Ten years ago, it was all guerrilla tactics as Uber parachuted down onto the streets and shifted transportation paradigms so dramatically that cities had no choice but to obey. Today, those yottabytes of user data have become valuable tools to the very same destinations as they isolate routes that are primed for autonomy; high-density arteries in a common operational domain where self-driving vehicles could alleviate traffic, reduce collision potential, and lower the transportation price point for the passenger.
Highways are a particularly conducive space for autonomy, as they best approximate commercial flying conditions with their long, wide lanes, no corners or pedestrians, and a single forward flow of vehicles.

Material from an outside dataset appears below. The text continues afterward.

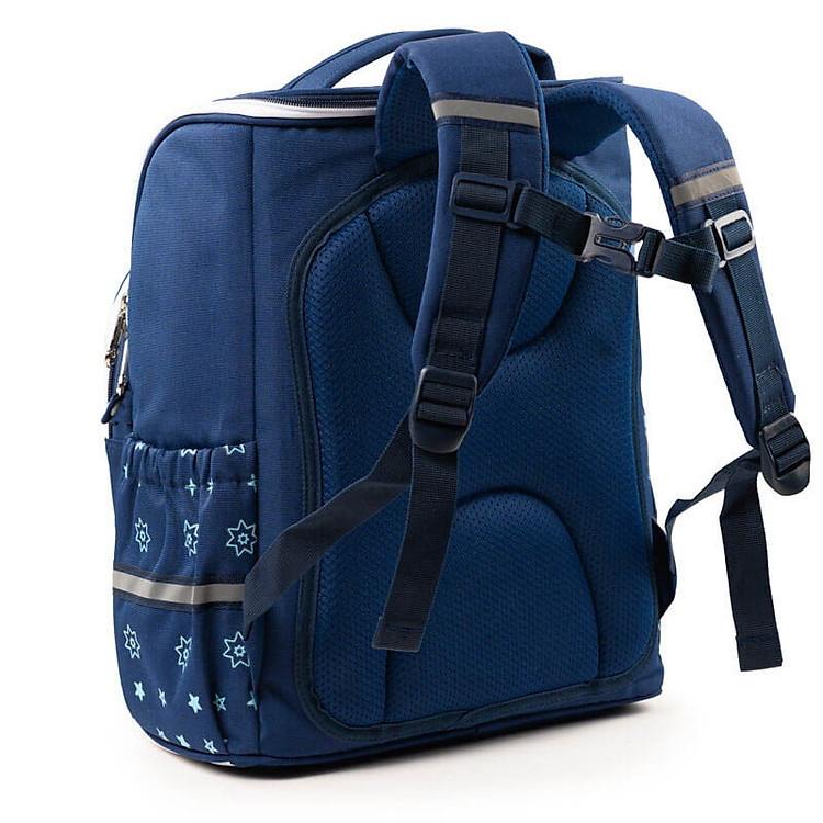 Phía sau balo được thiết kế với những rãnh thoáng khí giữ cho lưng bé luôn thoáng mát, chống va đập mạnh , giúp chống gù lưng, bảo vệ cột sống bé tốt hơn khi mang nặng. Quai đeo balo được may dày, có đệm mút nhẹ, có thể điều chỉnh theo vóc dáng giúp giảm trọng lực lên vai của bé và được thiết kế thêm dây đai ngực giữ balo ôm chặt vào người bé khi bé chơi đùa, chạy nhảy. Ngoài ra, quai đeo có thêm 1 đoạn dây phản quang giữ an toàn khi bé đi học khi trời tối. Bên dưới balo có chân đế có thể dễ dàng giữ đứng balo và chống bám bẩn khi các bé để balo tiếp xúc với mặt đất. Balo có thể xếp gọn khi không sử dụng bằng cách gỡ các nút gày 2 bên. Thuận tiện hơn trong các trường hợp cần thiết. Dây kéo hợp kim chống rỉ sét, với thiết kế lá kéo hình vương miện đặc sắc góp phần làm nổi bật lên chiếc balo chống gù 927

While car companies like Tesla are hoping to amp up sales with their glitzy versions of “autopilot” (which, for the record, is a souped-up version of cruise control, and not proper autonomy), Uber would rather take the car out of your driveway. No dramatic decrees have been made to completely abandon your vehicle, but an ideal near-future would allow commuters to follow self-driving conduits to their jobs downtown. The dream, for now, is to use autonomy to eliminate the symptoms of an overcrowded environment like rush hour bottlenecking, while retaining manual automobiles for close-to-home tasks like backstreet navigation and grocery shopping. And when the technology is ready, only passengers would ride in the robot car, reducing the operational costs of running the vehicle (which in turn cuts fares for riders) as there would no longer be pilot monitoring navigation.
“Parking garages will soon be a vestige of the past,” notes Wedge, and the plans have been well underway for over a decade with the proliferation of the Uber ride-sharing app. But it’s the platform itself, which Uber also created, that holds the key to the future both for streamlining autonomy and for ramping up profitability—it’s the chessboard on which all eventual self-driving services will place their pieces: first cars, then freight trucks, and maybe even buses. But please, no trolleys.